There there is the time for my partner-in-crime. My Hubby. With our crazy schedules, we have to worry about work, kids and sleep schedules. On a good day, he sleeps until 2. On weekends, he’ll try to wake up earlier so we can have a full family day. But that bites us sometimes. At the Pinewood Derby, he had 3-4 hours of sleep. We caffeinated him adequately before. He was a walking zombie. I mean, you can’t blame him! But time with my spouse is high on the list over self care. Hmmm… Pedis or quality time? Quality time PLEASE!

Some days I wonder how I have any room for anything else. But I still manage to run my small business (and LOVE it BTW), squeeze time with my Besties and do anything fun. But all that is worth it to me. I guess it’s my version of self care. But I really can’t wait to just schedule that massage, float or anything else that is just for me. Baby steps, right?

Constant Healing

It’s that time of year where I never know when it’s going to hit me. Grief. When Mom passed away, it was February, days before her birthday. Since then, as February approaches, it just gets hard. Never in the same way or the exact same time. I remember my first few years, the hard times would last much longer and start before the holidays. Now, I get blips of emotion during the holidays and it hits me some time before February.

The worst part of this feeling is when it catches me off guard. Last week, I felt great. My resolve in my health plan was strong, I felt good, happy. Then it hit. The anxiety crept up, the flashbacks started briefly. I felt sad. It’s like the date on the calendar is jumping off the page.

Luckily, while I was at an event for my side hustle, I was talking to a wonderful woman and I was able to tell her how much energy I put into my kids. In a way, that became my therapy. Instead of focusing on only what I don’t have, I focus on what I do. Believe me when I say it wasn’t a conscience decision. It just sort of evolved. (Hey, when did I get that smart?!)

So as my hard month approaches, I’m focusing less on my work (it will always be there), and focus on Miss M who is only inches away from becoming the same height, or Jakzr, my ever loving YouTube-star-to-be.

Today, we met with friends at IKEA. It’s such a fun place and I love figuring out how to reconfigure the house. At one point, I had all four kids. The amount of joy that I had wheeling one on a cart, making sure they had their buddy, or just being silly (I gave one a cardboard “crown” at one point), I truly enjoyed the moment. I laughed. I found my joy. Somehow, this healed me from this week’s sadness.

I know it will come back… this feeling. It always does and will until I get past the hard days and the memories they bring back. But somehow, I feel stronger to face them. This one is a harder one. 10 years. I’m working on figuring out how to put words to that. But until I’m ready, I’ll put it on the back burner.
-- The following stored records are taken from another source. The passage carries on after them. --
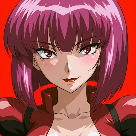 1girl, 0boro, 보라색 머리, 짧은 머리, 앞머리, 붉은 눈, 붉은 입술
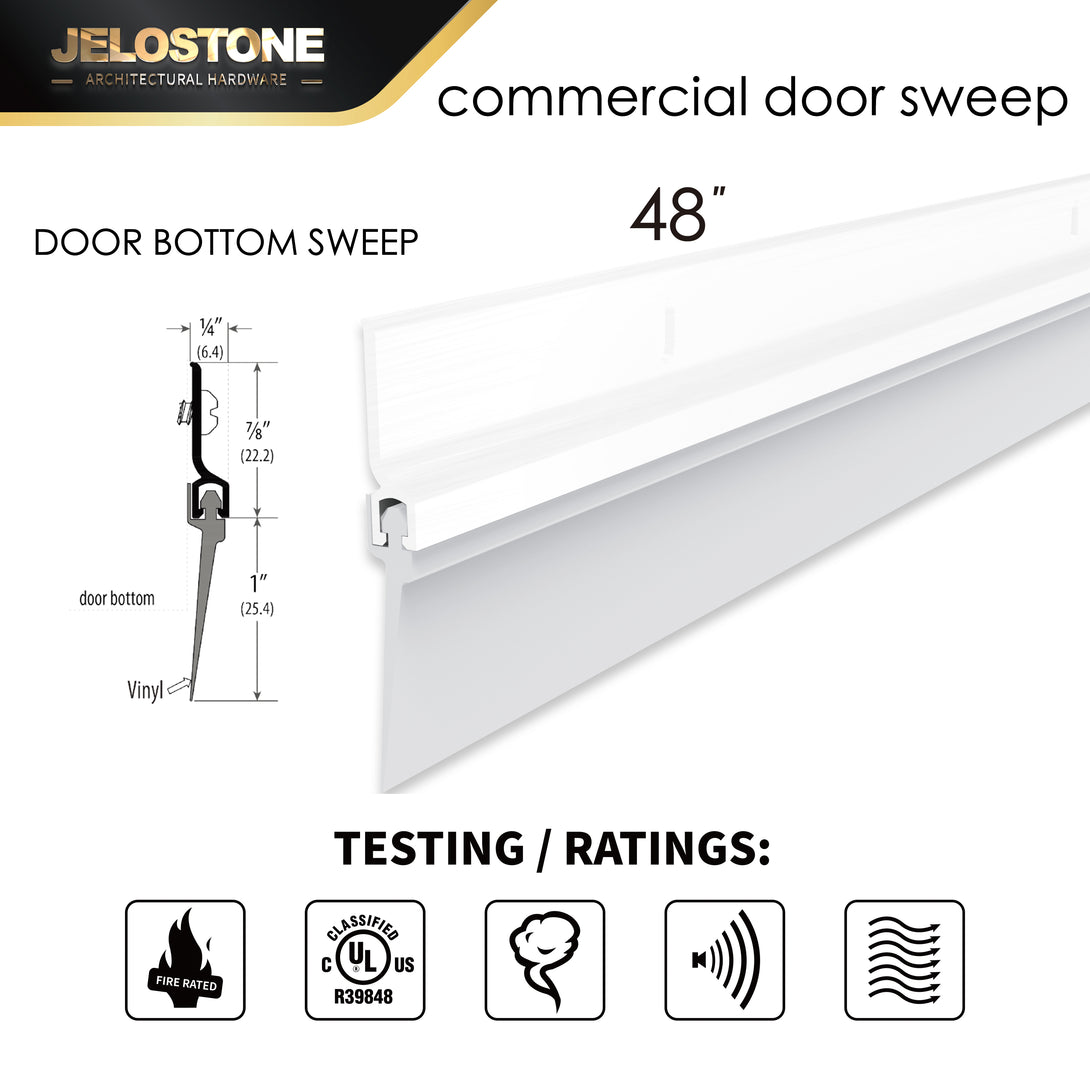 JELOSTONE Commercial Door Sweep JS-NV307 is UL-Certified, meeting high standards for performance, safety, and environmental friendliness. It suits both residential and commercial doors.
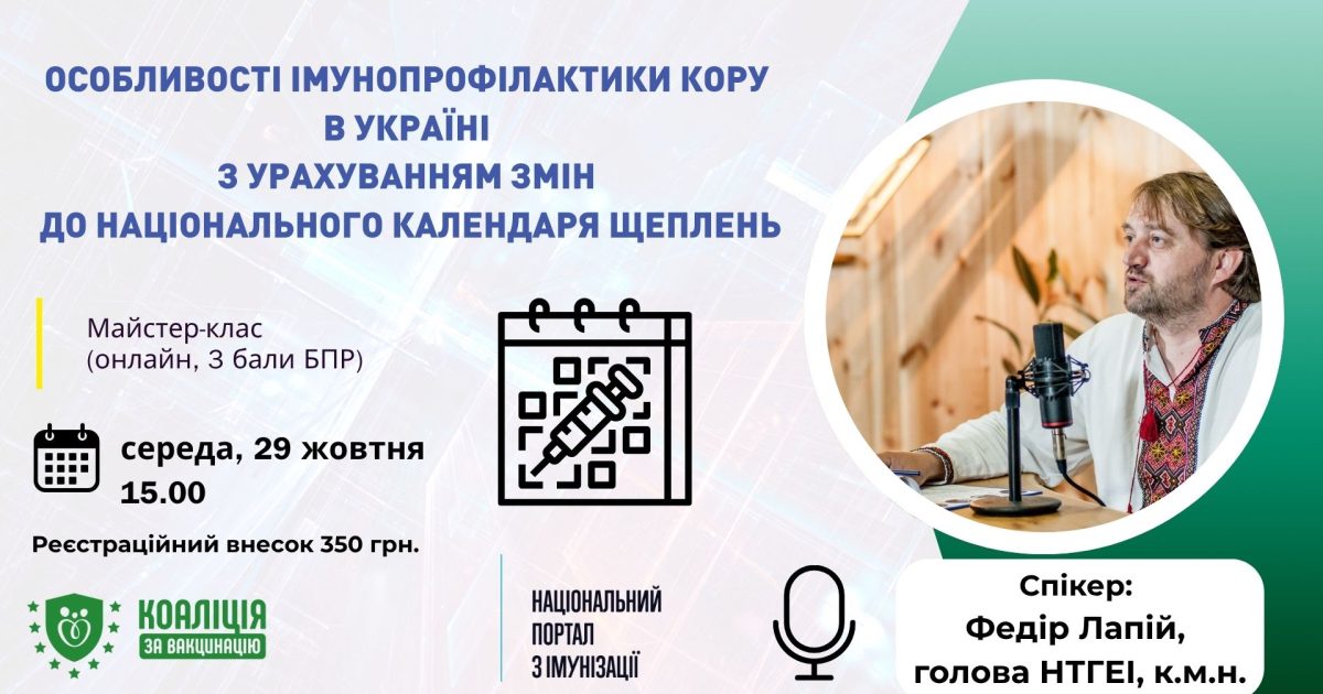 З 2026 року Національний календар профілактичних щеплень зазнає змін, що вплине на роботу всіх медичних працівників, дотичних до імунопрофілактики. ГС “Коаліція за вакцинацію” продовжує цикл майстер-класів, що допоможуть лікарям та медсестрам завчасно підготуватися до змін до Календаря та ефективно прокомунікувати зміни своїм пацієнтам. Майстер-клас 29 жовтня буде присвячено імунопрофілактиці однієї з найзаразніших інфекцій у світі – кору. Україна вже має досвід широкомасштабного спалаху кору, і під час повномасштабної війни особливо важливо попередити повторення цієї ситуації. Запрошуємо медичних працівників оновити свої знання з імунопрофілактики кору разом з головою Національної технічної групи експертів з імунопрофілактики Федором Лапієм, який безпосередньо дотичний до внесення змін до Календаря щеплень і зможе пояснити не лише самі зміни, а й їхню внутрішню логіку та відповідність світовим стандартам.
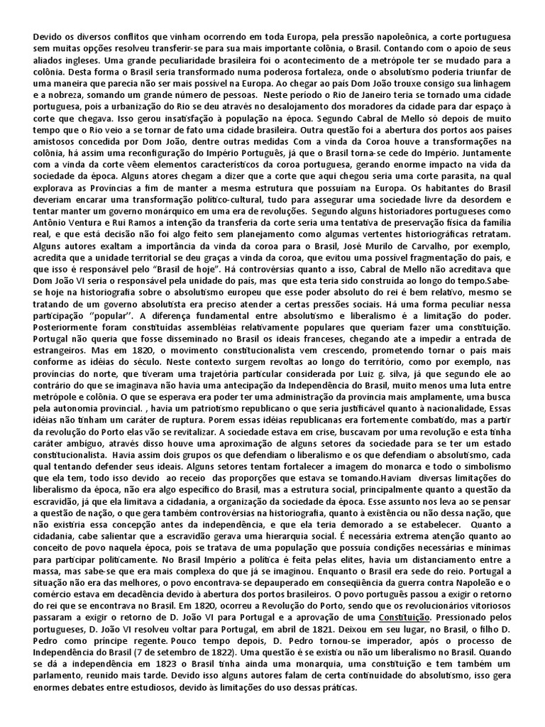 do rei que se encontrava no Brasil. Em 1820, ocorreu a Revolução do Porto, sendo que os revolucionários vitoriosos
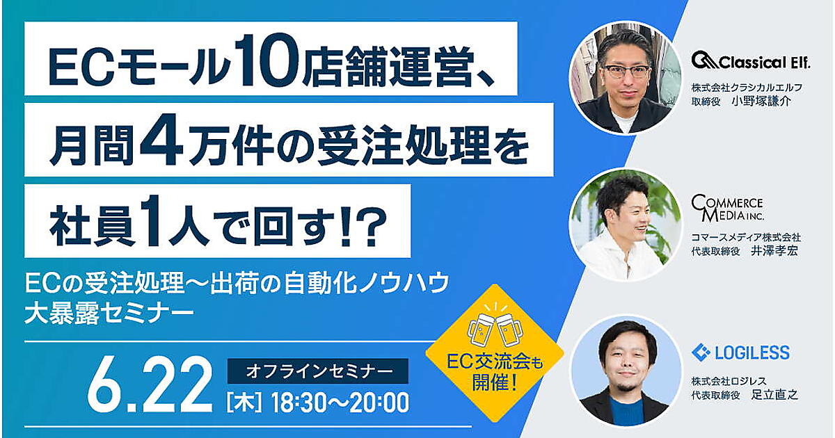 コマースメディアとロジレスは6月22日(木)、EC通販事業者向けに「ECモール10店舗運営、月間4万件の受注処理を社員1人で回す!? ECの受注処理~出荷の自動化ノウハウ 大暴露セミナー」をオフラインで開催する。
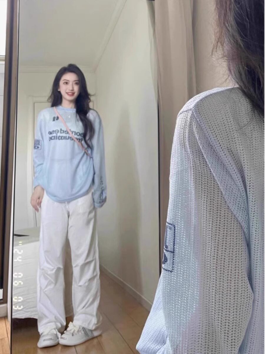 Летний тонкий трикотажный лонгслив, футболка, защита от солнца
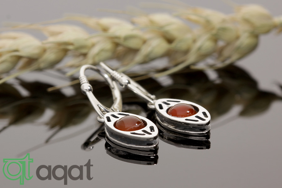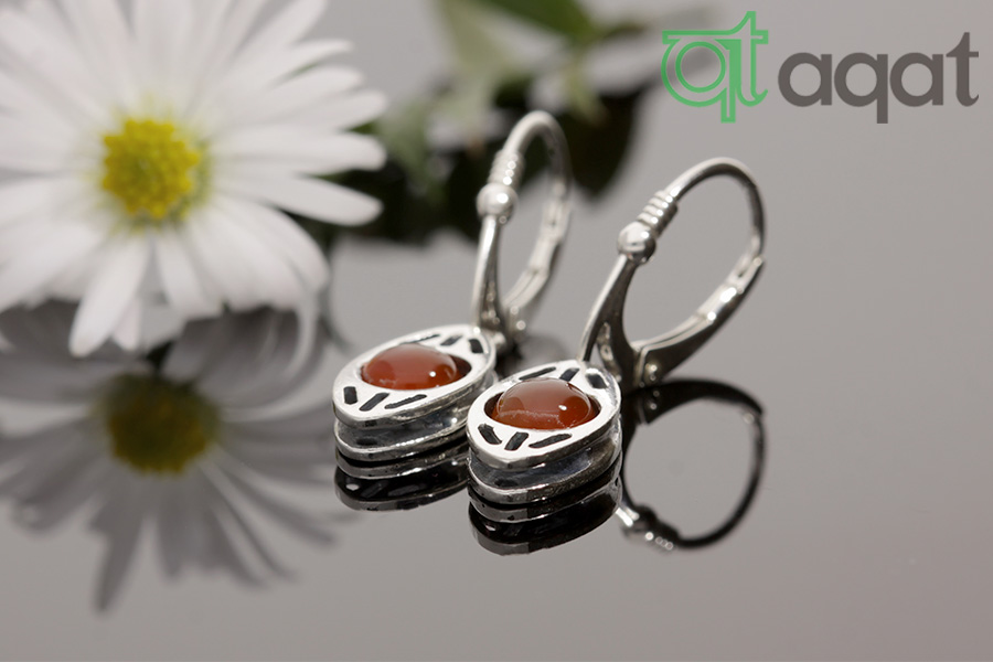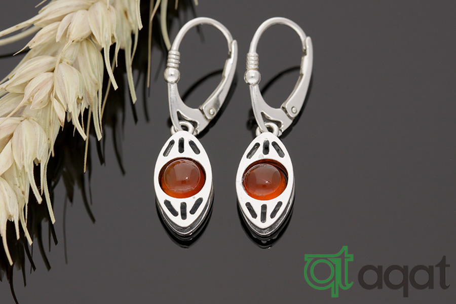 Kolczyki srebrne próby 925 z Karneolem, oksydowane.
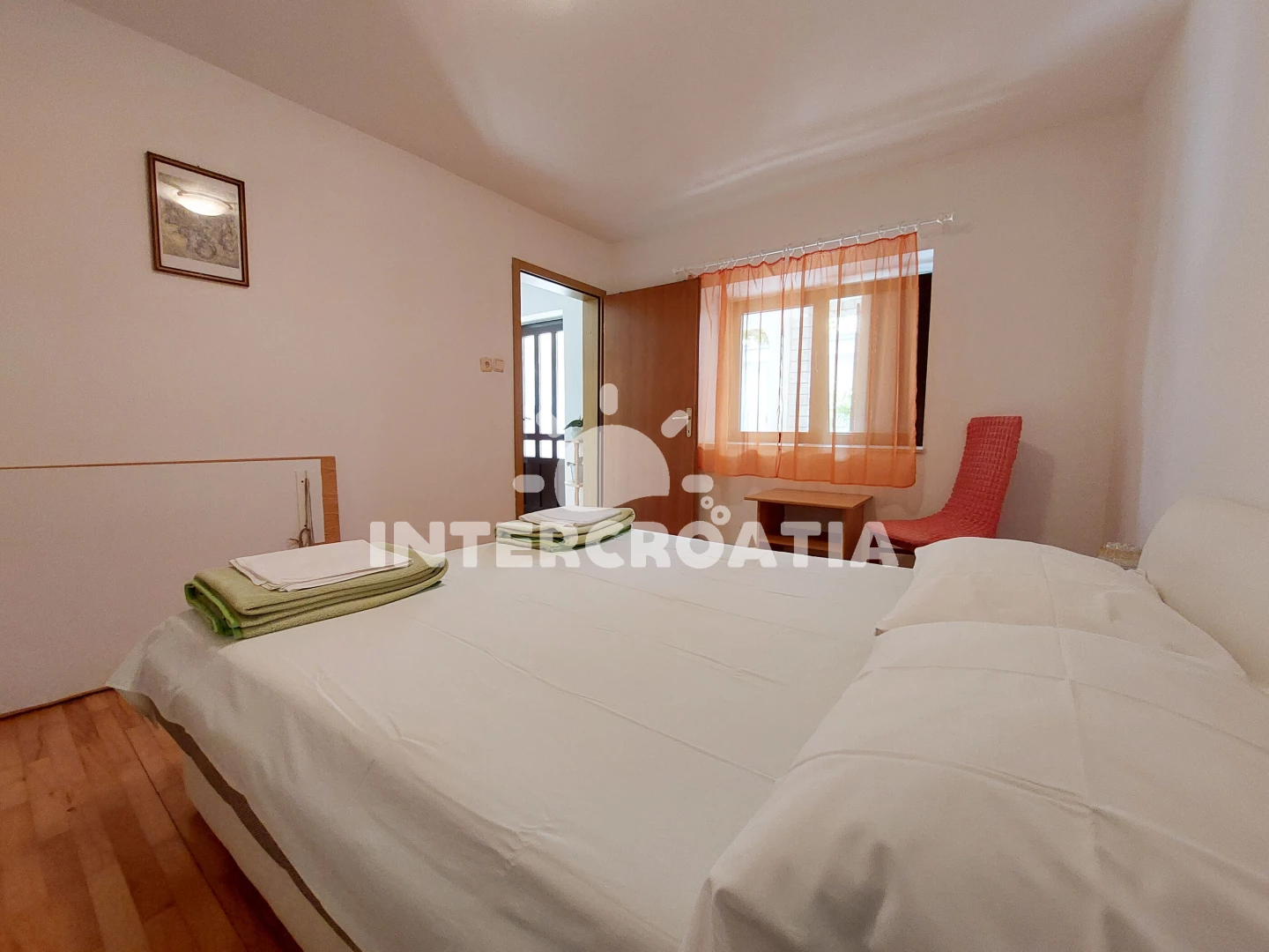 Apartmán se nachází 900 m od moře a pláže. Pláž je skalnatá, oblázková, větší kamení a betonové desky. U objektu je k dispozici společná zahrada s posezením a grilem. Parkování je před domem.

The words will come when they’re meant to.

Until that happens, I can at least say I’m ok… anyone else think of the Stuart Smally SNL bit, or is that just me? See, I have my humor. So as I type with a smile on my face and I look across the room at my crazy family, I count my blessings. I’m the lucky one!

Winter Blues

Hello my lovely readers! You must have thought I fell into the chaotic oblivion that is my life. You wouldn’t be wrong! Between family stuff, this thing called winter, work… I’m only slightly aware of what day it is.

Then there is my wellness plan. I’m actually still holding steady! 16 days in and I can’t believe it, but I’m down 14.5 pounds already. Most people can’t see it yet, but I certainly do. I miss carbs. I’m not going to lie. The hardest is when we get pizza for dinner. I sit there with my chef salad and pretend it’s cheesy goodness on the perfectly cooked crust. *sigh* BUT it’s only temporary. I can do this. I WILL DO THIS.

We had our first snowfall of the year this past weekend. How lucky was it that everyone was home and under the same roof? No work, no school, no doggie daycare. It was amazing! It was the first time I didn’t have to worry about my husband going to work in it. THAT was a nice feeling.

About 9 years ago, I had a work event during a blizzard. I had to go in. There really was no choice. We would have booked a hotel room across the street from the office, but I didn’t know at the time that the hotel would accept pets and we had Mack. I wasn’t willing to leave him alone at home. So it was me and the snow plows out that day. Thank goodness for the years in Fredonia. I learned quickly how to deal with snow! Unfortunately, that weekend allowed for some traumatic moments that I won’t go into, but I still vividly remember that weekend like it was yesterday when I drive the same roads when they have snow. But at least I can talk myself through it instead of getting that paralyzing fear I once did.

Anyway, I’ve gone off on a tangent and I don’t remember what I was really coming on to write about. Does that ever happen to you? I feel like this far too often, especially when I juggle things! I’ve also gotten really good at DROPPING the ball. There is a book with a similar title that I started but never got back to. It said something along the lines that you have to drop a few balls in order to really be successful. Hey, half of mine are dropped. Where’s my $1 million? Am I right? (Ok, to do list item number 16, read the ball drop book).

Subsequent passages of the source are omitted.